Photograph of single crystals and crystal structure of the new compound discovered in this study
The new compound Ca3ReO5Cl2 possesses a unique optical property called pleochroism, by which a material exhibits different colors depending on the viewing direction or the polarization of light. A couple characteristics play important roles in the manifestation of this property in the compound: the presence of 5d electrons in rhenium (Re) and the slightly distorted square pyramidal coordination of rhenium surrounded by five oxygen atoms (inset).
© 2017 Daigorou Hirai.

University of Tokyo researchers have successfully synthesized a new compound containing heavy transition metal element rhenium. The material's color changes from green to orange depending on the direction from which it is viewed and exhibits three different colors—green, red, and yellow—according to the polarization of the light striking its surface. The study's findings hold promise of providing a guideline for the development of materials possessing similar optical properties with the propensity to change colors.

The manifestation of colors by this compound is related to the light that is absorbed when the d electrons of the rhenium contained in the material are excited and reach a state of higher energy. Through the optical measurements and theoretical calculations it obtained, the research group led by Research Associate Daigorou Hirai and Professor Zenji Hiroi at the Institute for Solid State Physics, the University of Tokyo, revealed that the color change is a consequence of the energy—that is, the color in the light spectrum—that is absorbed, which is dependent on the polarization of the light. Moreover, the scientists found that the existence of 5d electrons in rhenium and the presence of two kinds of negatively charged ions, oxide and chloride ions, around the rhenium ion are instrumental in giving rise to this property. The discovery of this unique optical property demonstrates that 5d electrons could possess new material functions.
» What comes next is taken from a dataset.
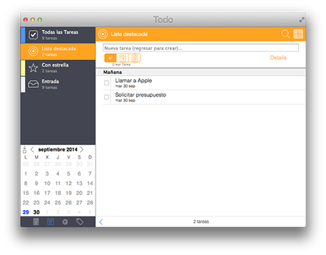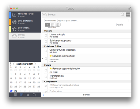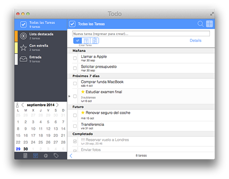 Nada más abrirla, apreciarás la sencillez y el minimalismo de la aplicación, y es que la interfaz de Todo se centra por completo en el contenido, facilitando que de un rápido vistazo puedas ver qué es lo que tienes que hacer durante el día. En la parte izquierda de la misma podrás acceder a las secciones más importantes de Todo, gracias a las listas inteligentes incorporadas. Las más interesantes son “Todas las tareas”, donde se muestran todas y cada una de las tareas que hayas indicado, así como la “Lista destacada”, donde aparecen solo las tareas que tienes que hacer entre el día de hoy y mañana, para que no te distraigas con eventos posteriores. Otra que podría resultarte útil es la lista “Con estrella”, ya que te permitirá localizar de un rápido vistazo las tareas que previamente hayas marcado con una estrella, algo que podría servir para encontrar rápidamente las más importantes.

"This material was produced by accident when I was trying to synthesize other compounds. At first, I thought I had created separate compounds possessing different colors, but when I rotated a piece of the crystal with a pair of tweezers and realized that it changed colors according to the viewing direction, I was as excited as I have ever been in my life as a researcher," says Hirai. He continues, "The heavy transition metal element contained in this material plays an important role in displaying the optical properties. Investigation of functions in heavy transition metal compounds is still developing. I hope to synthesize new compounds containing heavy transition metal elements and discover new properties and functionalities."

Press release (Japanese)

Paper

Daigorou Hirai, Takeshi Yajima, Daisuke Nishio-Hamane, Changsu Kim, Hidefumi Akiyama, Mitsuaki Kawamura, Takahiro Misawa, Nobuyuki Abe, Taka-hisa Arima, and Zenji Hiroi, "'Visible' 5d orbital states in a pleochroic oxychloride", Journal of the American Chemical Society Online Edition: 2017/07/17 (Japan time), doi: 10.1021/jacs.7b05128.
Article link (Publication)

Links

Institute for Solid State Physics

Graduate School of Frontier Sciences

Department of Advanced Materials Science, Graduate School of Frontier Sciences

Hiroi Lab, Institute for Solid State Physics (Japanese)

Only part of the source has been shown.